Unbalanced: Share if you’re sick of Facebook lectures

Author: Carol Schaal '91M.A.

Carol Schaal

“If you believe in angels, send this message on. Please don’t ignore it. You are being tested.”
“So re-post this, remember God saw you read this.”
“If you believe in God, drop everything and pass this on.”
“This is a test. Does God come first? If so stop what your doing right now and repost. Watch what happens.”

What won’t happen is my sharing these comments. What will happen, my dear Facebook friend, is that I may defriend you if you don’t stop with your unending demands that I re-post my love for God or Jesus or angels. But first, maybe I’ll demand something of you: Take a class in spelling and grammar.

Once the presidential election ended, I thought life on Facebook would be better. Sometimes I can be so, so wrong.

But at least the Obama sucks/Romney bites ranters didn’t constantly ask that I share and repost and demonstrate my feelings about whatever issue my too-much-time-on-their-hands Facebook pals had latched onto. And lately they seem fixated on religion.

Now I don’t mind expressions of religious belief. What bugs me is the implied coercion of these repost-this, share-that messages. As if my refusal to continue the message bespeaks a turning-away from God or Jesus or angels.

Hints a bit too much of intolerance, I fear. And one has only to recall various moments in history to understand the danger of this seemingly innocuous request. Salem witch trials. Nazi Germany. The McCarthy hearings, where one not only had to deny any sympathies for Communism but also to turn in suspected “subversives.”
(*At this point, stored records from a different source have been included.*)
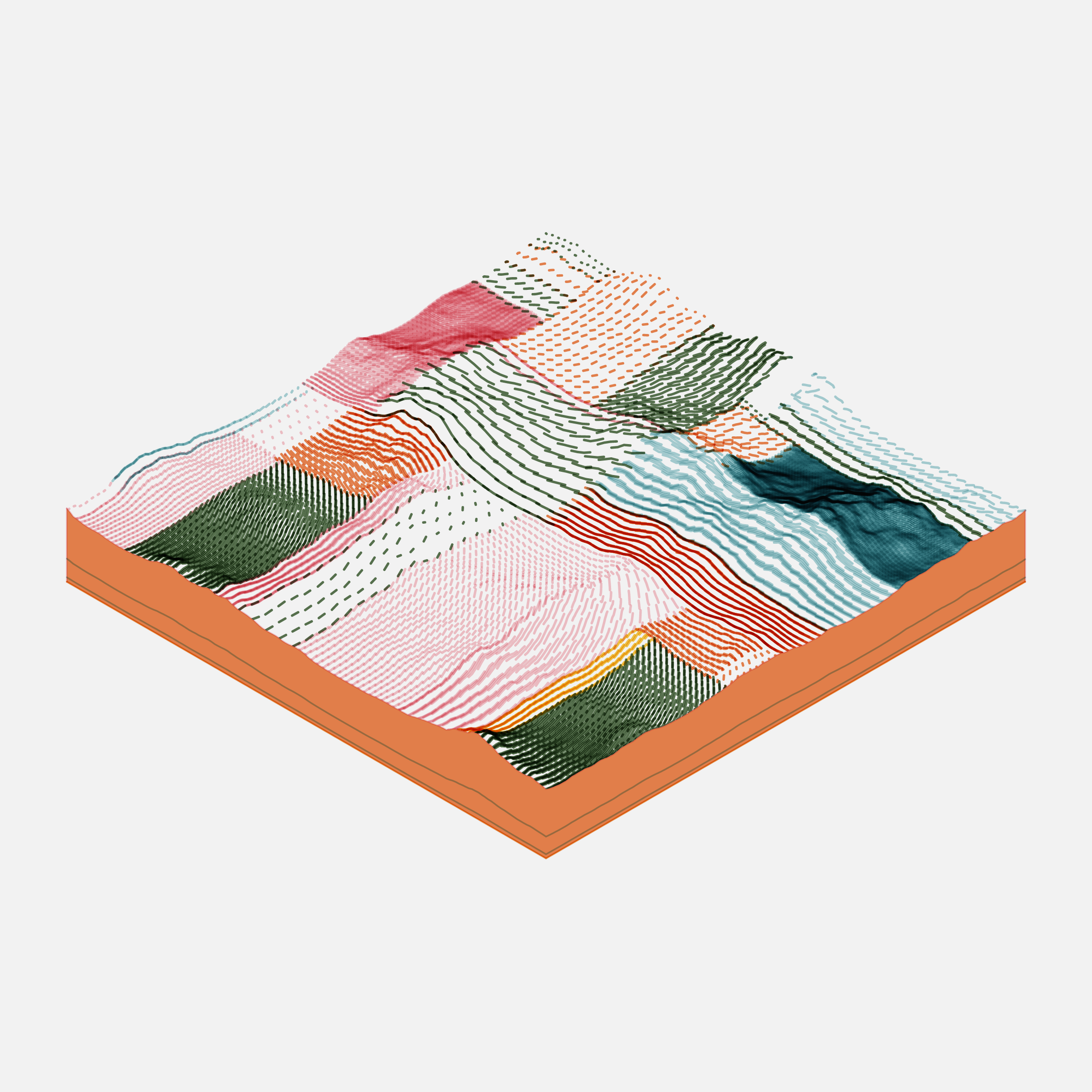 A generative algorithm that draws the impression of a landscape from a multitude of possibilities. The unique seed from each token drives the parametric assortment of lines, colors, and forms into a constructed composition.
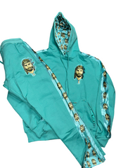 Jogger with satin liner in the hood and accents down the Jogger. leg flares with liner inside zipper. Branded with Jesus Smokes logo.
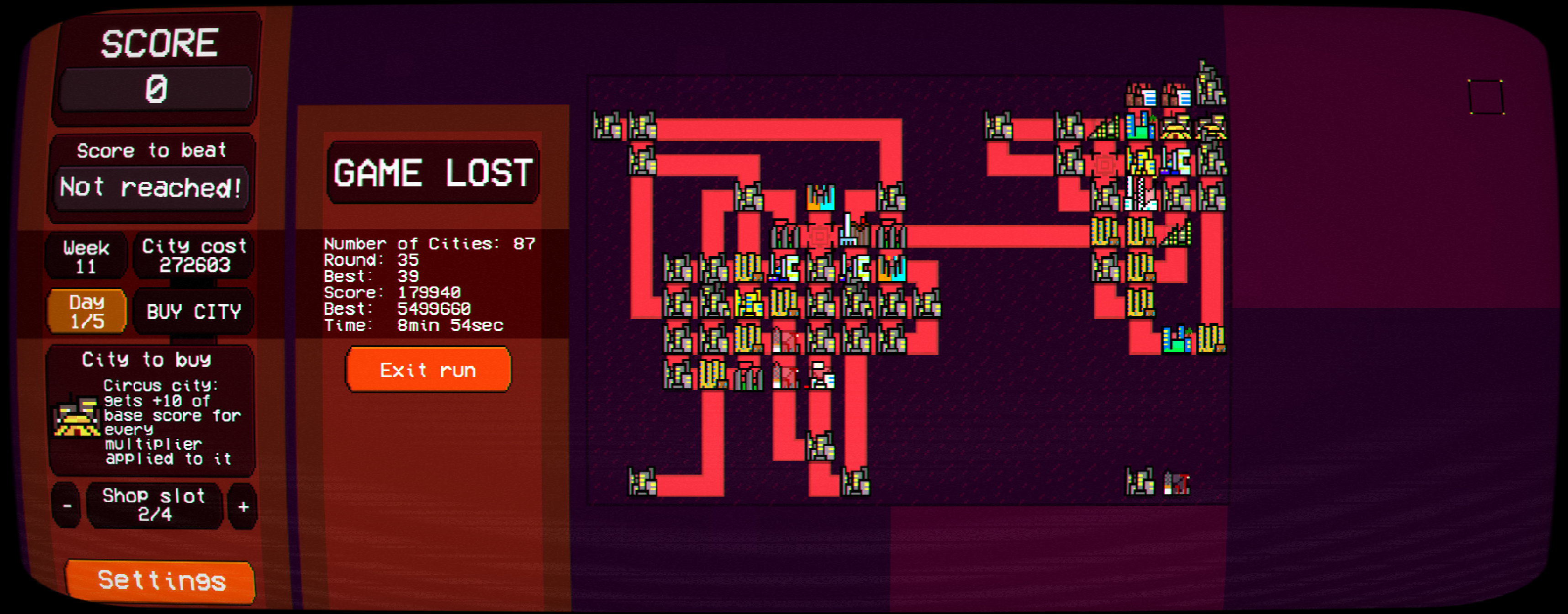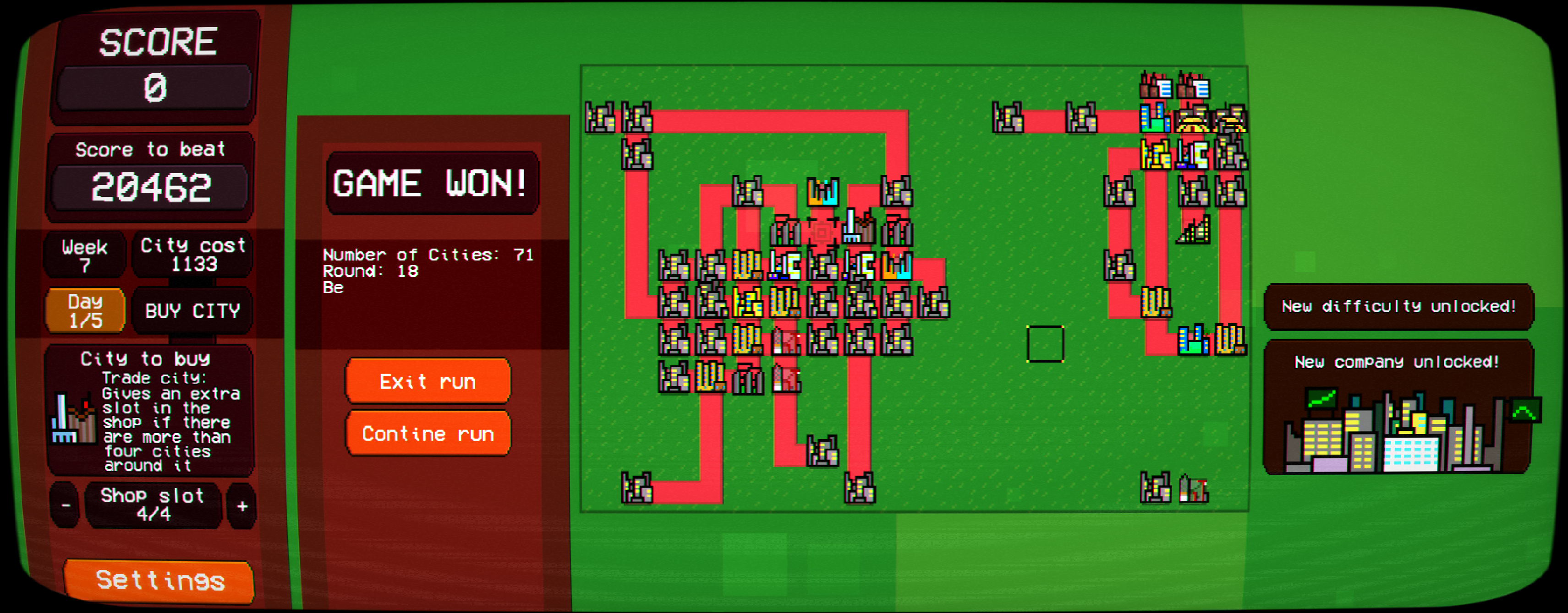 Hello! This is a prototype of a rougle-like puzzle game where you build cities and connect them with ralroads! For now there is a totoal of 22 different cities and objects, the (final game will have around 50 to 60).
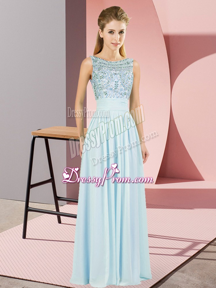 Neckline : ScoopShown Color : Light BlueSilhouette : EmpireSleeve Length : sleevelessHemline : floor lengthBack Detail : BacklessFabric : ChiffonEmbellishment : BeadingOccasion : Prom,Party,Military Ball,Sweet 16Season : Spring,Summer,Fall,Winter
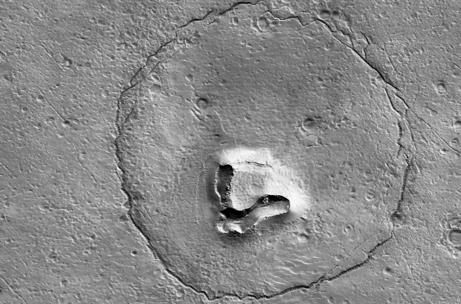 Sonda MRO pořídila snímek z výšky 250 kilometrů nad povrchem Marsu s využitím kamery s vysokým rozlišením HiRISE, která patří k nejvýkonnějším, jaké kdy byly poslány k jiné planetě. NASA uvedla, že jakkoli se snímek nepochybně podobá medvědímu obličeji, ve skutečnosti ho nejspíš tvoří seskupení různých zlomů, nánosů usazených na okraji zasypaného impaktního kráteru a lávových proudů.
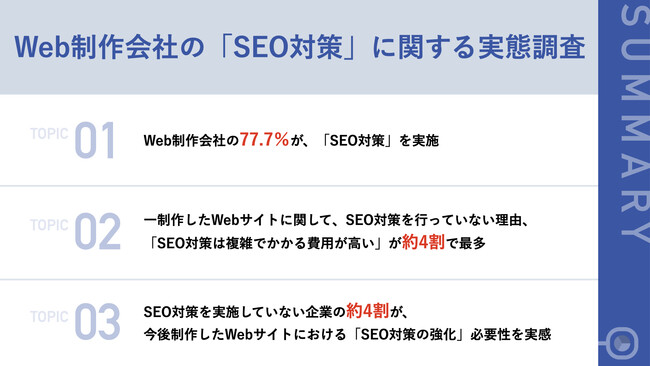 今回の調査では、自社か委託に限らず、SEO対策を実施している企業は対策の「効果」を実感しているケースが多く、対策を実施していない企業は、その「必要性」を実感していることが伝わってくる内容となりました。Web制作会社としては、心を込めて制作したWebサイトを作りっぱなしにするのではなく、SEO対策にも注力することで、更なる事業拡大への一助になると言えるのではないでしょうか。
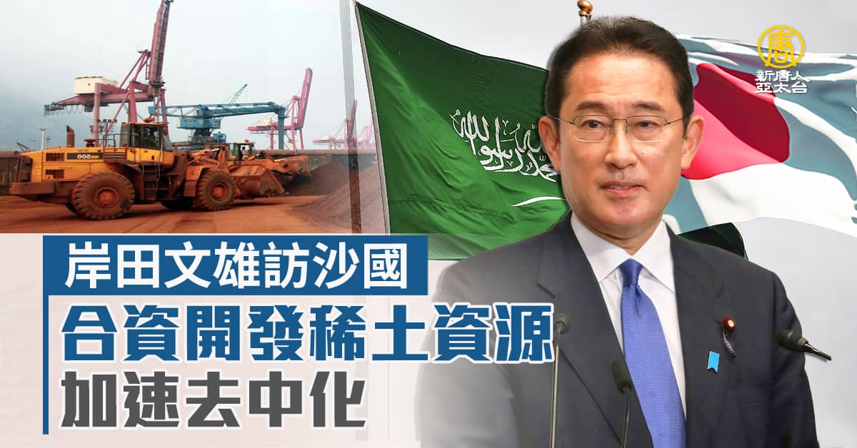 【新唐人亞太台 2023 年 07 月 15 日訊】日媒報導,日本首相岸田文雄16日起,將開啟為期三天的訪中東行程,首站將與沙烏地阿拉伯王儲薩爾曼親王 (Mohammed bin Salman) ,敲定一項兩國聯合投資開發稀土資源的協議。由於俄烏戰爭導致能源價格上漲,中共為反制西方國家,在先進半導體領域的制裁,宣布自今年8月1日起,對鎵、鍺相關物項實施出口管制。日本有近八成的氫氧化鋰供應.和超過六成的鈷加工,特別依賴中共。對此,日本正積極重整供應鏈,加速去中國化。將尋求與中東國家更多的合作。
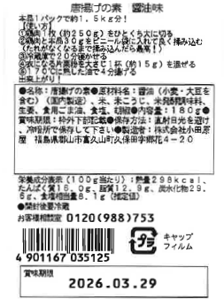 商品説明 | 名称:唐揚げの素 原材料名:醤油(小麦・大豆を含む)(国内製造)、甘酒(米、米こうじ、食塩)、米発酵調味料、生姜、食用ごま油、食塩、胡椒 |
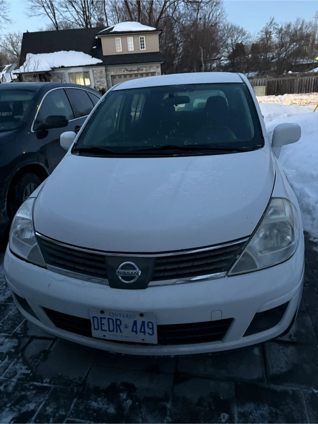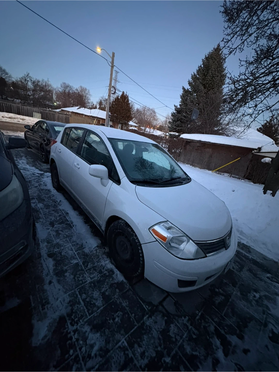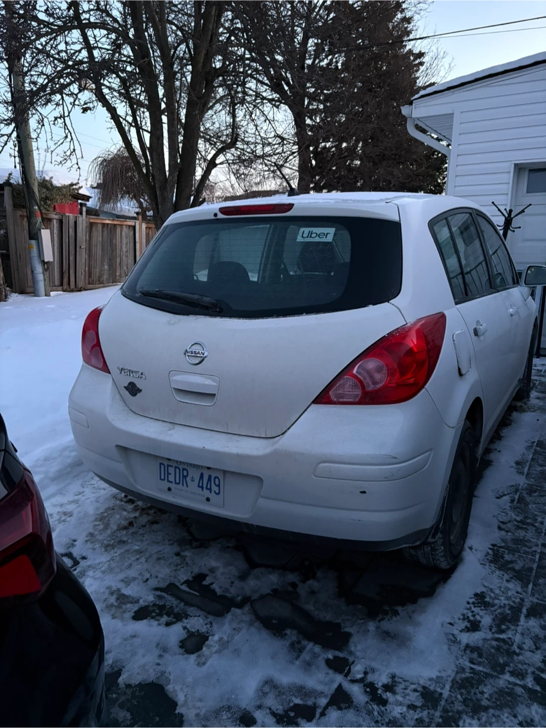 Selling a white Nissan Versa hatchback. It's a practical and fuel-efficient car. Plenty of space in the trunk for your cargo. Perfect for city driving or commuting!
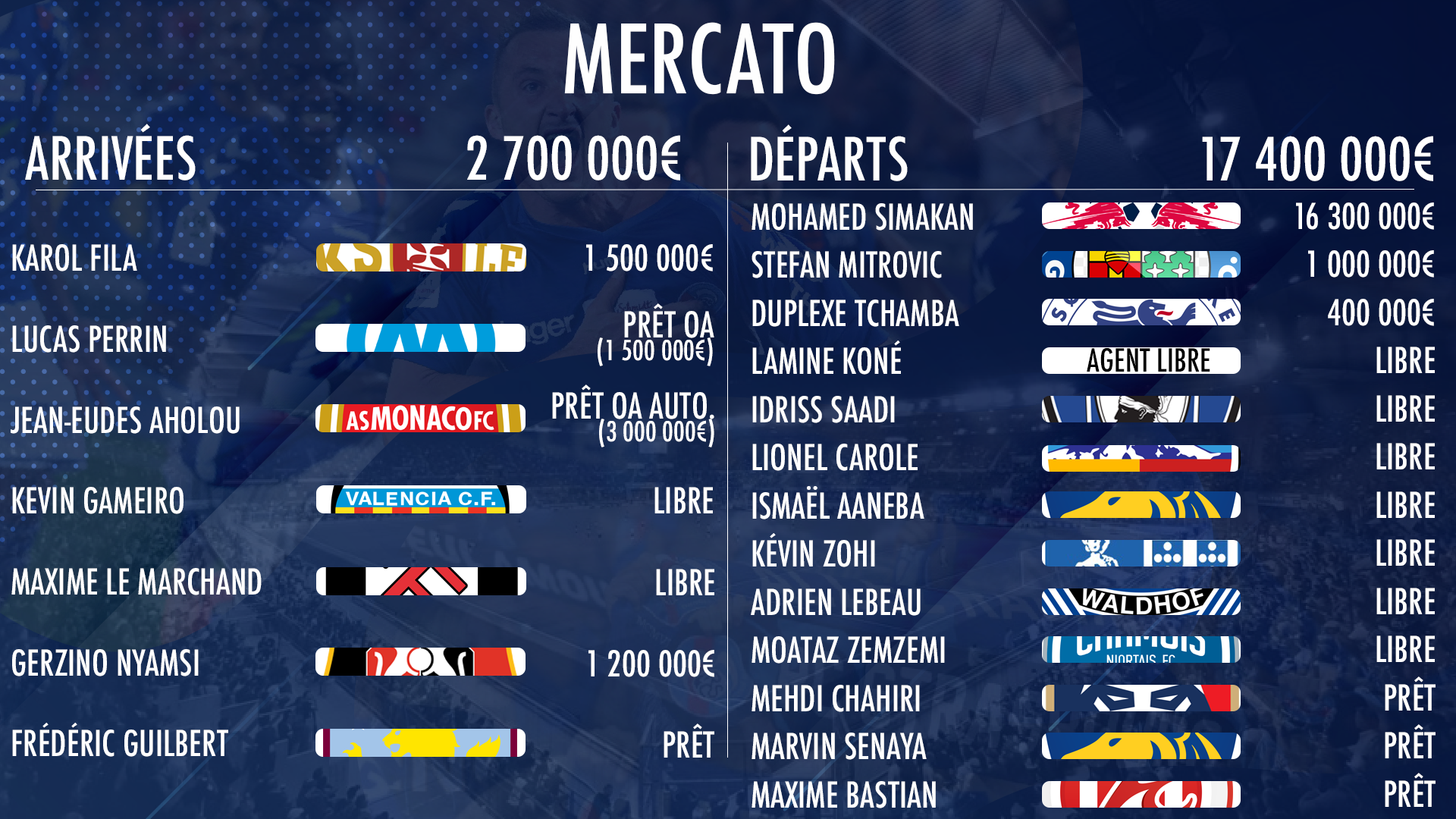 "Un mercato à deux vitesses. J'aurais autant pu dire 6/10 que 8/10. Un effectif dégraissé, avec de gros salaires en moins. Sans doute réinvestis dans d'autres, mais une balance positive en terme de masse salariale. Rassuré sur les idées du club (Perrin, Fila, Nyamsi), sur le romantisme de ce mercato (Guilbert, Gameiro), tout en proposant une nouvelle base (Le Marchand). 2,7 millions d'euros investis, 7 renforts. Le calcul est pas mal et les priorités ont été respectées malgré la petite enveloppe disponible. Petit regrette sur le dossier du milieu de couloir, notamment Ferhat, mais content toutefois que Strasbourg n'ait pas cédé. Très satisfait aussi que les joueurs cadres et majeurs de l'effectif n'aient pas été vendus à savoir Sels, Djiku, Thomasson, Ajorque. Certains jeunes pourront avoir du temps de jeu ailleurs pour progresser grâce aux prêts. Petite déceptions en revanche sur le retour d'Aholou, en prêt avec obligation d'achat de 3M et l'option d'achat quasi automatique d'1,5 millions sur Lucas Perrin. Ca fait déjà entre 3 et 4,5 millions d'euros d'investis l'année prochaine. Il faudra donc vendre. Dommage aussi d'avoir bâti cette équipe après déjà 4 journées, mais les derniers jours offrent des opportunités non négligeables... Du retard a été pris, espérons que l'alchimie prenne et que les recrues soient rapidement au diapason."
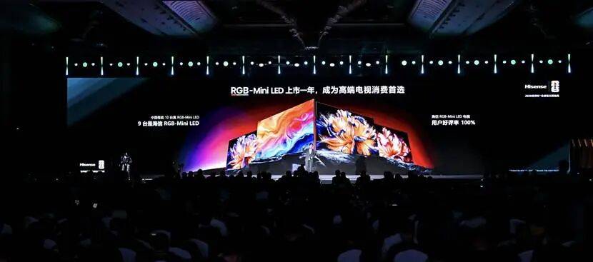 但更值得骄傲的是,当国际巨头的产品还停留在展会阶段时,海信的 RGB-Mini LED技术,已经完成了从三芯到四芯的迭代,形成了从顶级旗舰到主流爆款的全产品矩阵,走进了全球用户的客厅。在中国市场,每卖出 10 台真 RGB-Mini LED 电视,就有 9 台是海信的,用户好评率达到了 100%。

I can hear the posters of such items saying: That’s definitely not who we are. We’re only sharing our love of God, only reminding you of his bounty and blessings, only hoping this post will awaken spiritual thoughts in your work-addled brain. In other words, as one post said: “Share and inspire others.”

A worthy goal. We can all use some inspiration. But still, still. On such a public forum, does my lack of reposting said items means their original posters — and others — will judge me, will mark me down on the list of the damned?

God help me now.

Instead of posting endless social media versions of the “honk if you love Jesus” request, these rather demanding Facebook proselytizers, I suggest, might instead truly live their faith, letting their actions speak for their love of God. Step away from the computer and go do good works.

Actions do speak louder than words. And my words here, a cranky complaint, serve as a call to action for me, too. To forgive. To help. To love.